Ken and Ryan did back to back talks on how they focus on what drilling deeply into student interaction and result data has told them about their designs and how to either improve them or to give direct insight into teaching and instruction practices. What really stood out here was the notion of “expert blind spots” – that we as researchers too often feel we know what we know (when in truth we might be missing critical factors or insights because we aren’t looking at  the issue objectively). Instead Ken and Ryan showed how LA and data mining can reveal things about our curricular designs that we may not have seen (and could be adversely affecting our designs). Ken stated that “Intuitive design is not reliable”, and that careful analysis was more fruitful. I challenged him slightly on this noting that intuition is sometimes need in new or innovative designs (where we don’t have rich data from which to build on), he gave me one of the most memorable quotes of the conference “The hare of intuitive design and the tortoise of cumulative science”.

Quick thoughts on the opening sessions of LASI 2013

After listening to a really nice opening panel at LASI 2013 and the idea of Big Data and Learning Analytics (LA) a couple things came to mind about this emerging field.

I’m always worried about the ideas of LA are going to put learning too much “on rails” – that is to say that we automate the process so much that students and teachers are taken out of the decision and learning processes by simply crunching the “data” and making decisions for them. I’m heartened to see that this concern is shared by the panel as well.

Alyssa Wise mentioned that LA needs to be “learner centered”, which I think is vital, even as we begin to gather and process all of this data to make sense of it we need to remember that it’s about the students and all of our practices need to be focused on this and how we can help and enable learners to learn. I was glad that Dan Suthers also pointed out that learning at it’s core is a complex phenomena, but that there is a promise being held out by LA to help us “understanding and manage learning in its full complexity”, and how we can it help optimize learning. My big question and one that I think should be central to this whole conference is what we mean by optimizing learning? A lot of the ideas in this conference is about this idea of optimization and I hope that we continue to discuss/debate what optimization means within complex and varying learning communities and approaches.

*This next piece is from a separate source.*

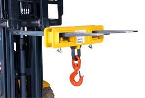 Gaffelkrok Kirveli. Kraftigt lyftblock för truckgafflar. Omvandlar snabbt en gaffellyft till mobilkran.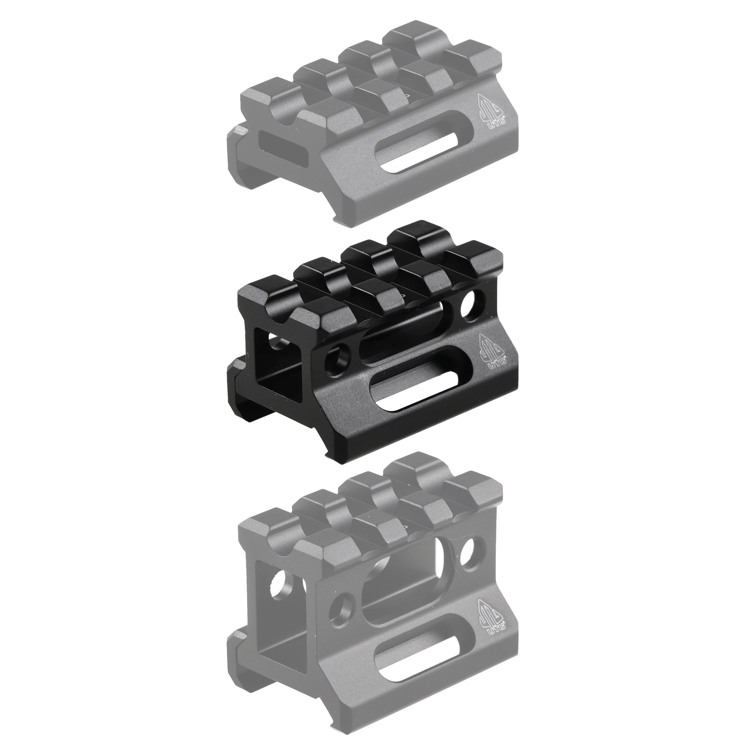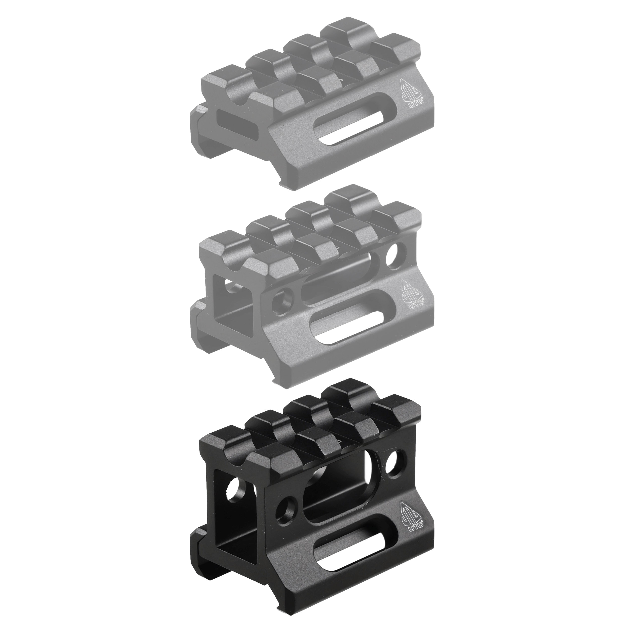 Podwyższenie Leapers to kompaktowa szyna podwyższająca o 3 gniazdach, mocowana bezpośrednio na szynie Picatinny.

This idea by Dan goes very nicely with George Siemens idea of the increase of learner individualization, and with Phil Winne’s of engaging learners as participants in an ecology of experimentation. We want students to be authentic drivers of inquiry, investigation, and knowledge construction and we want to leverage LA as a means of aiding them in these processess – by connecting them new peers, new resources, new ideas that they may have been otherwise “blind” to (similar to what Dan said about weak ties).

My personal hope is that LA does live up to this ideal of really empowering learners to learn in ways that otherwise would be impossible (or prohibitively time consuming), and also critically giving teachers insight into the state of their class’ knowledge (and perhaps deeper information of the “global” state of knowledge) to drive learning and exploration in exciting new ways.

Only one morning in and so far very interesting and exciting – looking forward to the next few days!

Smart Classroom Concept Video

This is a short video shows one of our earliest prototype concepts around the kinds of interactions we envision taking place in a fully interactive smart classroom.

This video shows a teacher launching an activity using a multi-touch table, which then displays the activity content on the large format displays throughout the classroom.

The students can move freely throughout the room and capture data on their smartphones.

The students then “connect” with an interactive table which displays each students’ collective artifacts. The students can then discuss and share these artifacts using the multi-touch table as the mediator.